Many, many years later, I had bosses who were a husband and wife team of a local school uniform store. They had two young, grown children - a son and a daughter - the same as my childhood friend. Unexpectedly and without reason, their mother died. Here again, I was faced with a death so sudden and untimely that mirrored the pain of so many years ago - watching two children - in their twenties deal with the white-hot pain of loss. Everything around them felt lonely and left a huge void in their life without their mom. I loved these two remarkable women. They left behind children and even though they were considered adults, they were still new to life on their own. It never made sense why some mothers are taken away when others seem as if they do not cherish their role at all.

So this Mother's Day and every other Mother's Day after this one means so much to me because I treasure the gift of mothers even more. Mother's Day tangles up a web of unresolved issues and stirs a myriad of emotions, but there are three things that are the clearest to me the older I get.
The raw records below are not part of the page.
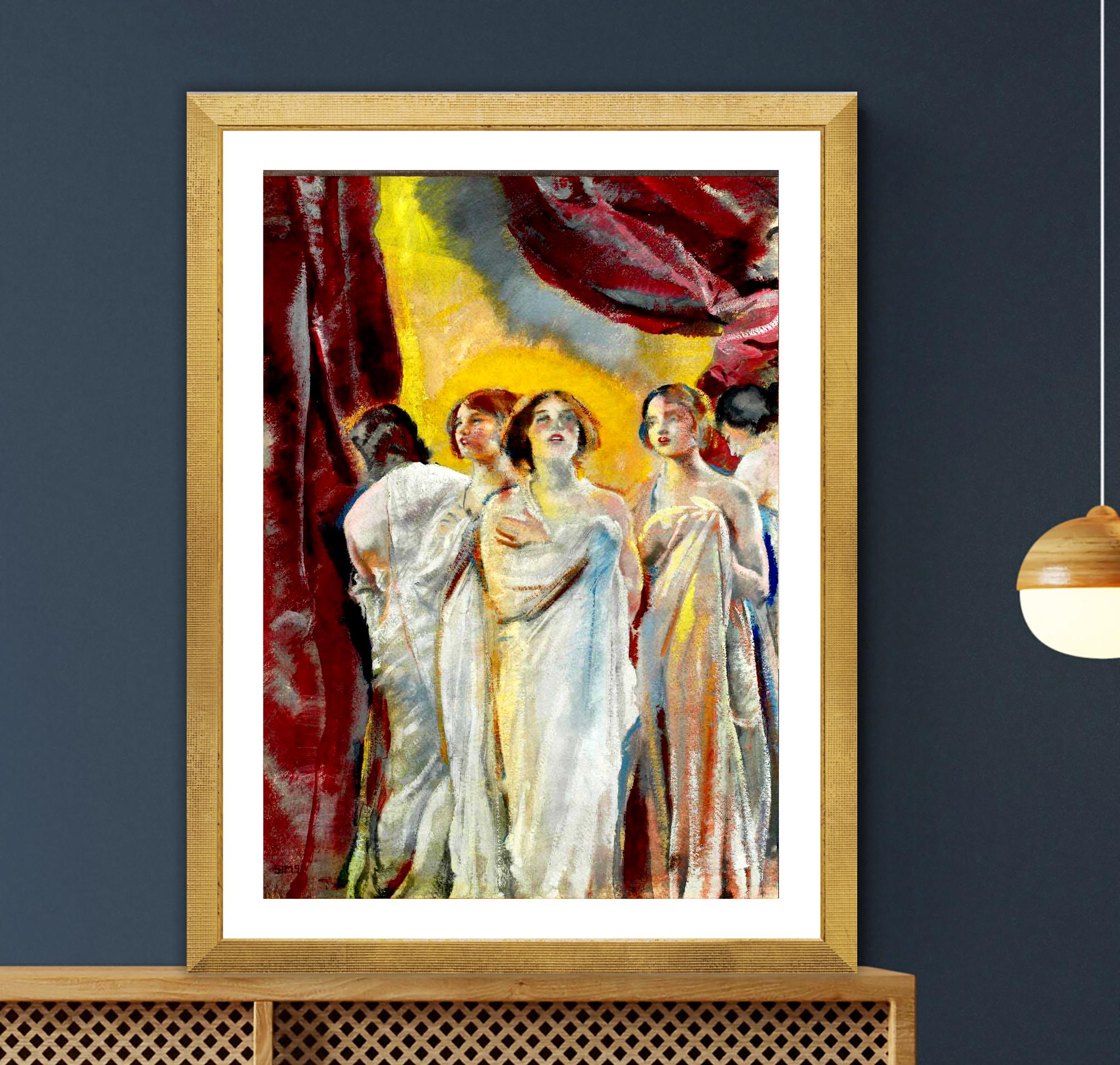 "Five Singing Girls" is a captivating watercolor painting by British artist Charles Sims (1873–1928).
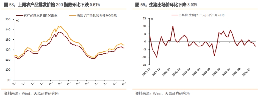 上周农产品批发价格200指数环比下跌0.61%;生猪出场价环比下降3.03%。
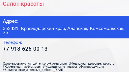 Салон красоты по адресу 353431, Краснодарский край, Анапская, Комсомольская, 75 в дальнейшем Организация, размещена в следующих категориях:
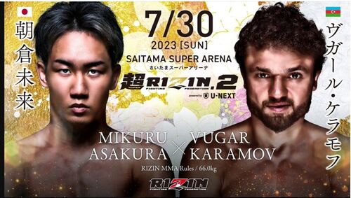 #超RIZIN2 決定カード朝倉未来THE OUTSIDER 2階級王者ーーーーーーヴガール・ケラモフ @vugar_karamov7/30(日)14:00開始~(予定)さいたまスーパーアリーナチケット一般発売6/25(日)10:00~https://t.co/QxThrciLuK pic.twitter.com/tP9ROtXt3X— RIZIN FF OFFICIAL (@rizin…
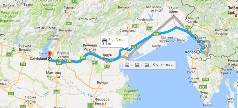 - Gardaland, Италия, Верона, озеро Гарда. Расположен в 316 км от Копра.
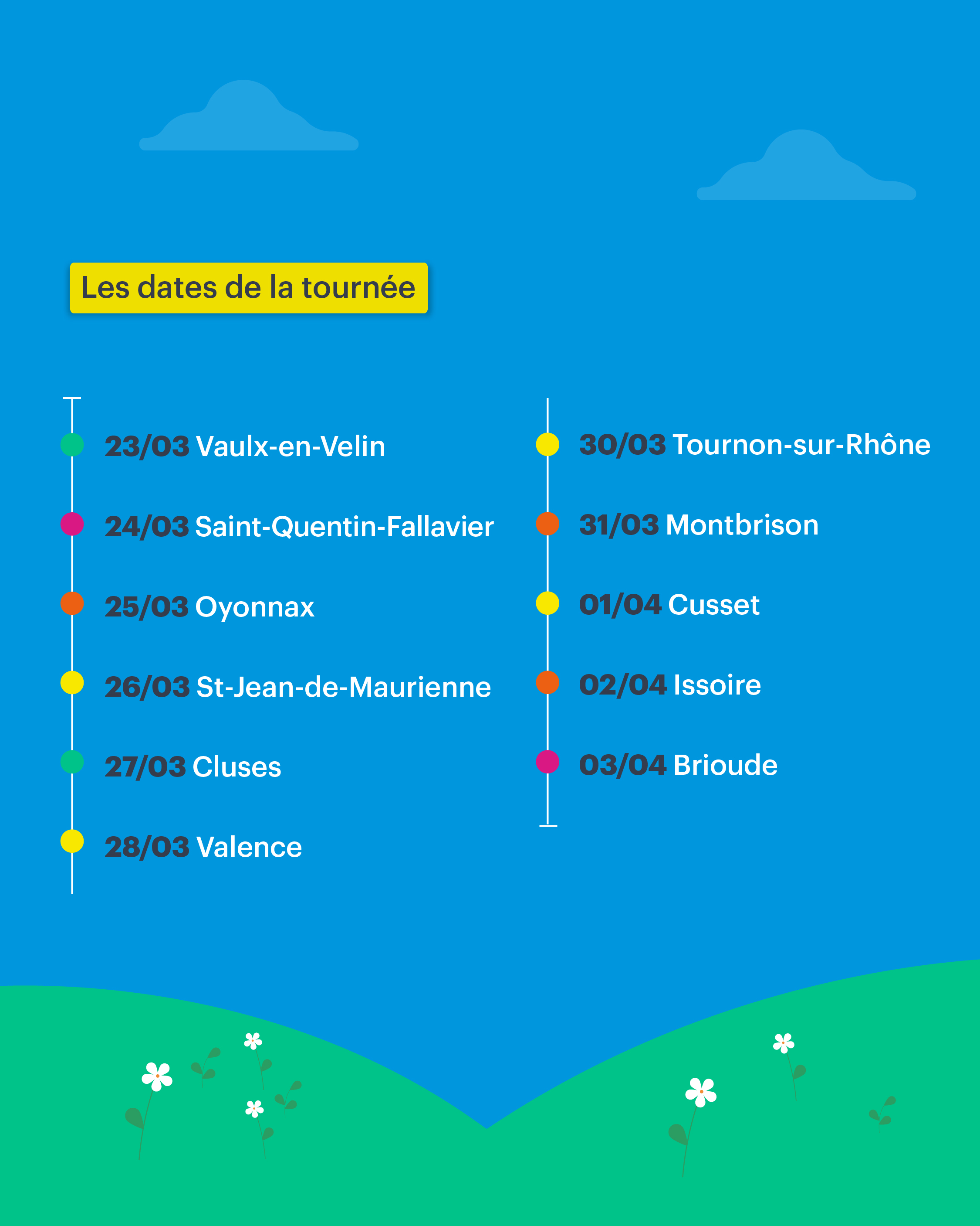 | Saint-Quentin-Fallavier (38) | mardi 24 mars 2026 | Complexe sportif et parking Tharabie | retrouvez le programme en cliquant ici |

I am grateful for my mother.

I am grateful that I am a mother of a boy and a girl.

I am so grateful for the mothers who did a damn fine job raising their children especially those who were only given twenty years to do it. And there was no reward of watching their children's families grow. God bless every one of you who do the best you can with your children every day that you're given. Thank you for loving your children and also the ones who claim you as a mother figure in their life. 

Happy Mother's Day.

Seeds to Share: 
Proverbs 31:28 - Her children arise and call her blessed.